Not so fast! A resistor's temperature coefficient doesn't invalidate V=IR. At any temperature, give any two of those quantities it's easy compute the third. That V=IR is a mere approximation is shown (among other ways) by considering the Johnson noise across an open-circuited resistor. Jerry -- Engineering is the art of making what you want from things you can get. &#2013266095;&#2013266095;&#2013266095;&#2013266095;&#2013266095;&#2013266095;&#2013266095;&#2013266095;&#2013266095;&#2013266095;&#2013266095;&#2013266095;&#2013266095;&#2013266095;&#2013266095;&#2013266095;&#2013266095;&#2013266095;&#2013266095;&#2013266095;&#2013266095;&#2013266095;&#2013266095;&#2013266095;&#2013266095;&#2013266095;&#2013266095;&#2013266095;&#2013266095;&#2013266095;&#2013266095;&#2013266095;&#2013266095;&#2013266095;&#2013266095;&#2013266095;&#2013266095;&#2013266095;&#2013266095;&#2013266095;&#2013266095;&#2013266095;&#2013266095;&#2013266095;&#2013266095;&#2013266095;&#2013266095;&#2013266095;&#2013266095;&#2013266095;&#2013266095;&#2013266095;&#2013266095;&#2013266095;&#2013266095;&#2013266095;&#2013266095;&#2013266095;&#2013266095;&#2013266095;&#2013266095;&#2013266095;&#2013266095;&#2013266095;&#2013266095;&#2013266095;&#2013266095;&#2013266095;&#2013266095;&#2013266095;&#2013266095;
On Aug 30, 10:37&#2013266080;am, Jerry Avins <j...@ieee.org> wrote:

> > Not so fast! A resistor's temperature coefficient doesn't invalidate > V=IR. At any temperature, give any two of those quantities it's easy > compute the third.
I agree, and apologize for not stating my point clearly. If I apply a voltage to a resistor at time t = 0, there is an initial current flow which decreases slightly as the resistor warms up and reaches thermal equilibrium with its surroundings.
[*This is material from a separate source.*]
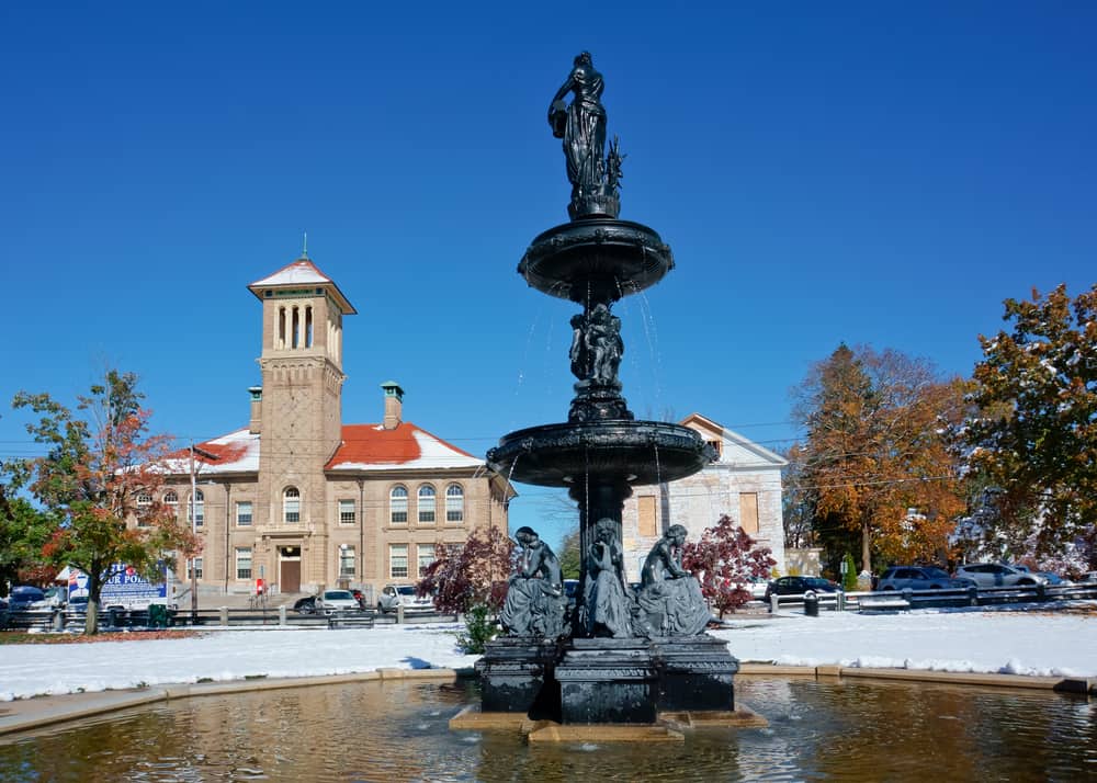 The park’s centerpiece is the elegant Foster Fountain, presented to Clinton in 1890 by affluent resident John R. Foster, known for his chain of clothing stores across New England.

This effect is not captured in the V = IR model according to which a steady voltage applied at t = 0 results in a steady (time-invariant) current I = V/R for all time. We use the DC model V = IR all the time and even V(t) = I(t)R which works for time-varying voltages and currents, but neither model includes changes in the value of R as a result of current flow. --Dilip Sarwate useful results,
>Question: I recall learning that if a linear time-invariant system is >driven by a WSS stochastic process, the PSD of the output equals the >PSD of the input multiplied by the square of the magnitude of the >transfer function. So, if I have white noise with some PSD=C, and I >pass this through an integrator, can I compute the PSD of the output by
The integral of white noise yields a random walk, which is not WSS anymore. You can write the autocorrelation (of two arguments) for the result down, but I don't know that a PSD makes sense. One book that discusses differential equations fed by random processes restricts discussion to BIBO-stable systems. I'm not sure if this is overly-restrictive, but an integrator does not fall in that category (pole at the origin, outside the open left half plane).
dvsarwate@yahoo.com wrote:
> On Aug 30, 10:37 am, Jerry Avins <j...@ieee.org> wrote: > >> Not so fast! A resistor's temperature coefficient doesn't invalidate >> V=IR. At any temperature, give any two of those quantities it's easy >> compute the third. > > I agree, and apologize for not stating my point clearly. > If I apply a voltage to a resistor at time t = 0, there is > an initial current flow which decreases slightly as the > resistor warms up and reaches thermal equilibrium with > its surroundings.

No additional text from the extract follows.